Prove for every natural number $n$, with $n ≥ 7$, that $\frac{(2n−18)}{(n^2−8n+ 8)} < 1$. Using induction, Prove for  every  natural  number $n$, with $n ≥ 7$, that $\frac{(2n−18)}{(n^2−8n+ 8)} < 1$. I cannot get the original equation to match the k+1 equation, and im not sure what I am messing up. I would post my work but I would rather see it done out completely from scratch. Any help appreciated!

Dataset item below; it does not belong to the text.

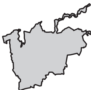
Brandenburg an der Havel

Historisches Gemeindeverzeichnis des Landes Brandenburg 1875 bis 2005
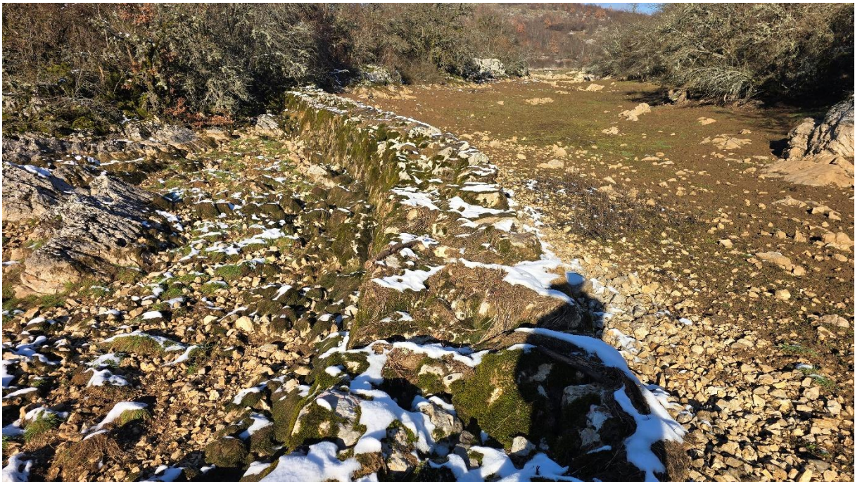
...и на брану са погледом узводно у правцу Граовчеве пећине...

 A: Alt. hint (without induction): $\;\dfrac{2n−18}{n^2−8n+ 8} = \dfrac{2(n-7)-4}{(n-1)(n-7)+1} \le \dfrac{2(n-7)-4}{2(n-7)+1}\,$ for $\,n \ge 7\,$.
A: Denominator $n^2-8n+8=n^2-8n+16-8=(n-4)^2-8$. If $n\ge7$ then 
$(n-4)^2-8\ge 3^2-8=1>0$, so then (as suggested in a comment) 
$\frac{(2n-18)}{(n^2-8n+8)}<1\iff (2n-18)<(n^2-8n+8)$. 
That is, prove that $n^2-10n+26>0$ for $n\ge7$, by induction. 
True for $n=7$, we get $49-70+26=5>0$. Assume it is true for some $n$, 
consider $n+1$. $(n+1)^2-10(n+1)+26=n^2+2n+1-10n-10+26=(n^2-10n+26)+2n-9$. Since $2n-9\ge14-9=5>0$, and using the induction hypothesis that $n^2-10n+26>0$ we obtain that $(n^2-10n+26)+2n-9>0$. 
A: Partial Answer as Method of Induction is Not Used.

For curiosity, I have provided an answer that does not use induction.
Multiply the fraction by $1=\dfrac{2n+18}{2n+18}$.
$$\begin{align} \frac{2n-18}{n^2-8n+8}\times\frac{2n+18}{2n+18}&=\frac{4n^2-324}{2n^3 - 16n^2 + 16n + 18n^2 -144n + 144} \\ \\ &=\frac{2n^2-162}{n^3-8n^2+8n+9n^2-72n+72} \\ \\ &= \frac{2n^2-162}{n^3+n^2-64n+72}.\end{align}$$ So now, given that $n\in\mathbb{N}_{\geqslant 7}$, we want to show that $$\begin{align} 2n^2 - 162 &< n^3 +n^2-64n+72 \\ \\ \Leftrightarrow n^2-234&<n^3-64n \\ \\ \Leftrightarrow n^2+64n-234&<n^3.\end{align}$$ So, since $n\geqslant 7$ then there will always exist a constant $c_n$ such that $$n^2 + 64n - (234+n^3-c_n)=0$$ iff (if and only if) $$\begin{align} n&=\frac{-64\pm\sqrt{4096+4(234+n^3-c_n)}}{2} \\ \\ &= 2\left(-16\pm\sqrt{1258+n^3-c_n}\right).\end{align}$$ But since $n>0$ then $$n=2\left(\sqrt{1258+n^3-c_n}-16\right).$$ Of course, to prove the inequality, we need to show that $c_n>0$. Of course $c_n\neq0$ because the constant must always be changing, depending on the value of $n$. Also, given the strict inequality, $c_n\not<0$, thus $c_n>0$.
This proves the inequality.
A: As the denominator $n^2-8n+8$ is positive for $n\ge7,$ the inequality
$$\frac{2n-18}{n^2-8n+8}\lt1$$
is equivalent to the inequality
$$2n-18\lt n^2-8n+8$$
which is equivalent to
$$0\lt n^2-10n+26$$
or
$$0\lt(n-5)^2+1$$
which is true.
(As presented, this is not a proof by induction. However, any proof can easily be converted into a proof by induction, in which the proof of the induction step makes no use of the inductive hypothesis.)